Having a pet come to the end of their life is always a sad occasion as they become such a big part of any family. 

We recently had one of our two Cavalier King Charles put down at 15 months old due to endless illnesses including Pneumonia (which ended up knocking out her immune system) and Domadex mange which is heredetary! In other words her mother should never have been used for breeding. We paid pedegree prices but made the mistake of buying from a 'breeder' who sourced her pups from somewhere in Wales. So we never saw the mother. A very sad and expensive error!

We now have just the one and it has to be said that for us there are distinct advantages, particually when away in the motorhome.

It just grives me the way some people breed dogs with problems. Anyone see that documentary the other week? That was sad and hard for us to watch one week after having ours put down.

We just rest in the knowledge that we did everything within reason possible for ours, and it came down to her quality of life.

But we have the (albeit short) memories .....

Mark


----------



## SpeedyDux

Sorry to say this Geoff, but if Ben is suddenly drinking and eating massive amounts this could indicate diabetes, and kidney failure is on the cards. Is Ben showing signs of weight loss?
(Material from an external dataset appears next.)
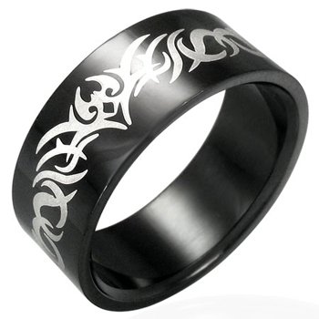 Anneau Acier Noir Tribal - Bijoux argent, Bijoux acier, Bijoux
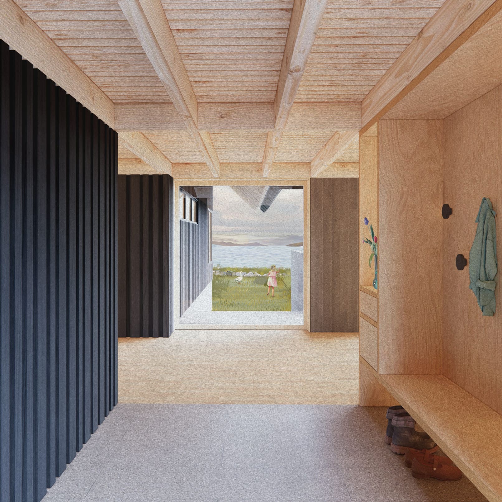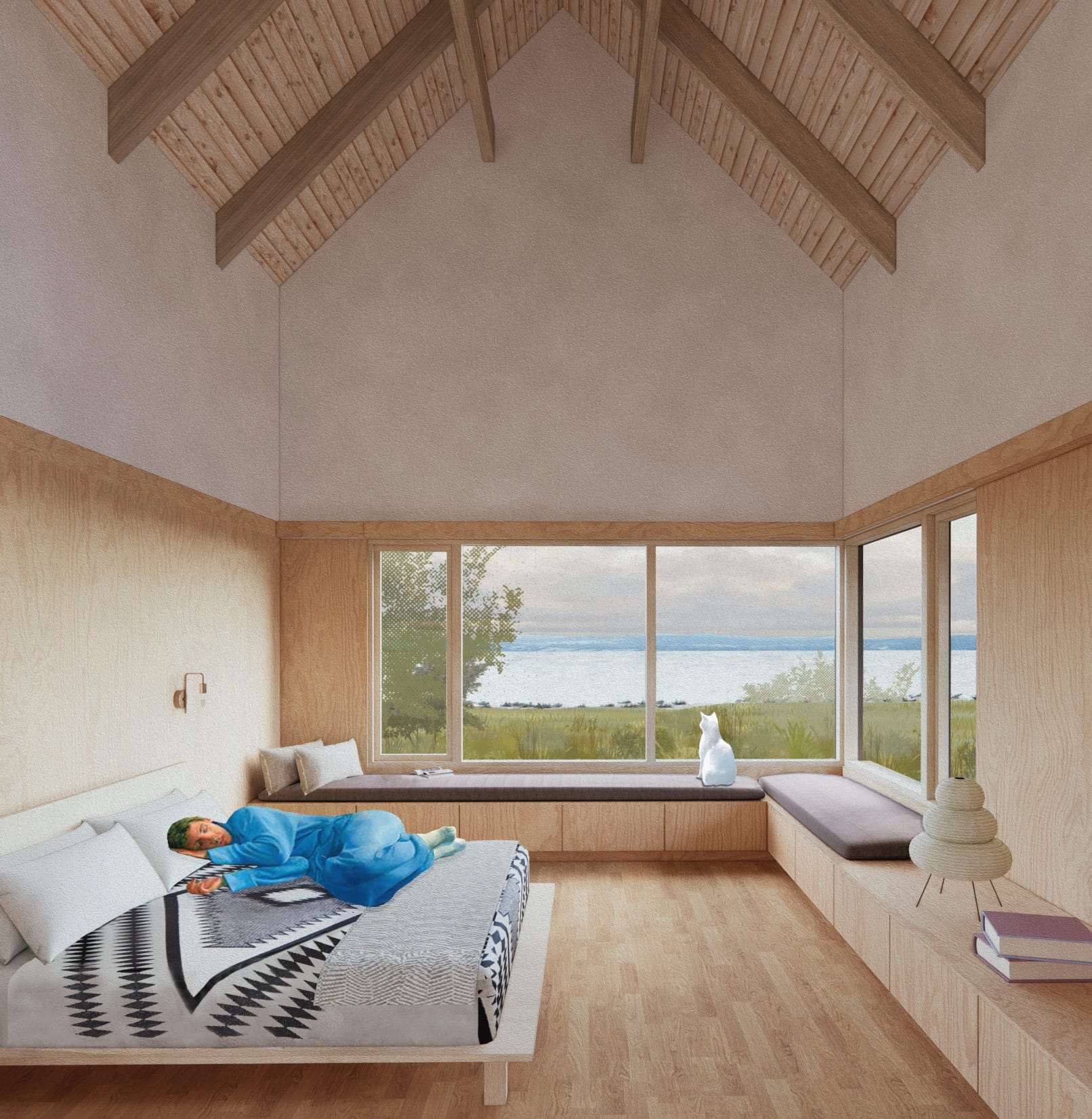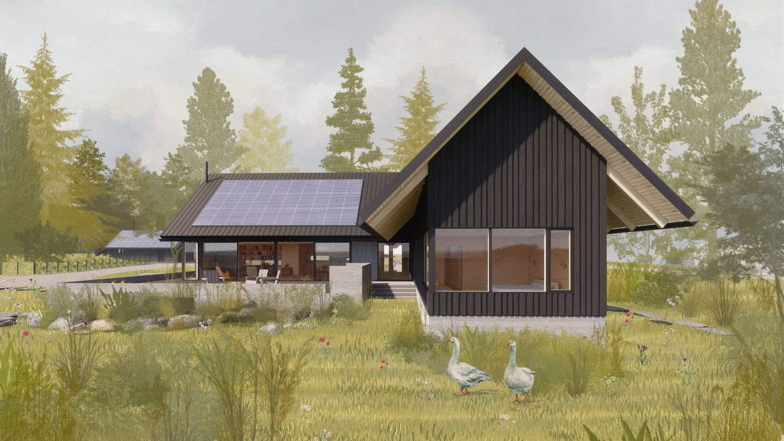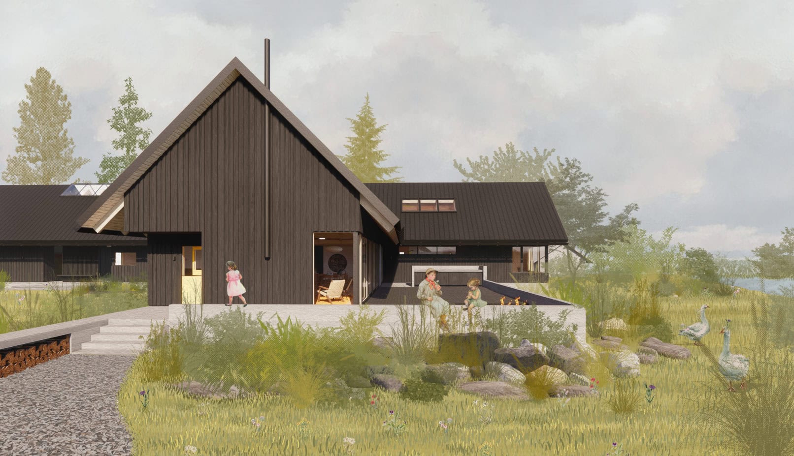 Preview of the main house of a family compound located on Dyes Inlet. The structure’s strong gable forms are reminiscent of Scandinavian farmhouses and define outdoor space while relating to the renovated guesthouse. Intended to embrace its waterfront site, the home is designed for aging in place, high-performance energy targets, and the use and enjoyment of a large extended family.

I once had a dog who developed diabetes, at 7 years. It's treatable with canine insulin, but you need to get this checked out quickly. 

Best wishes,

SD


----------



## Walmer

So, so sorry to hear about Megan. What a shock for you. Our thoughts are with you.

Hilary


----------



## DABurleigh

Ian & Steve,

I feel for you; many of us on MHF have been there in variants of your story. I suspect I am not alone in feeling a moistened eye, if only for the selfish reasons of there but for the grace of God, etc.

Take comfort that your presence ensured Megan was not distressed.

Dave


----------



## mangothemadmonk

At least you can say she had a good home and a good life while she was with you.

We got ours from the Staffy rescue. He'd had 4 homes in his first four years before we got him and we don't think he had been treated well either. Not a good start for the lad but when he finally goes we can honestly say he has been well looked after while in our care.

Johnny F


----------



## carolgavin

So sorry for the loss of Megan, what a beautiful dog, she looked as if she brought love and hapiness to your life. Our sympathies to you all (sorry just caught this post).


----------



## moblee

Suffolkian,I've just seen you're post and would like to add my condolencses.

Hope you forgive me for reminding you.


----------



## StAubyns

Suffolkian, 

sorry to hear about Megan, Please accept our condolences.

I know from a past experience what you have been through. it was the worst day of my life when I had to take our Jack Russell, Patch, to be put to sleep. 

That was in October,1997, but it still hurts at times.

SD

Ben has stopped drinking and eating in large quantities, and he has not lost any weight that is noticeable from how he has been the last couple of years, but thanks for the concern


----------



## annetony

So sorry to hear about Megan Steve and Ian, I do understand how you are feeling

, we had to have our Jack Russel cross put to sleep in 1984, through septacimea, she had dead pups inside her (we didn't know) she was 12

since then we lost 2 cats 1 Jenny who was old and Meg who got hit with a car, Bruno our King Charles who died in his sleep aged 12

we now have Rusty who is 16 a Jack Russell x lancashire heeler, we know his time will come soon, and Tizzie a 10 month old King Charles Cavelier.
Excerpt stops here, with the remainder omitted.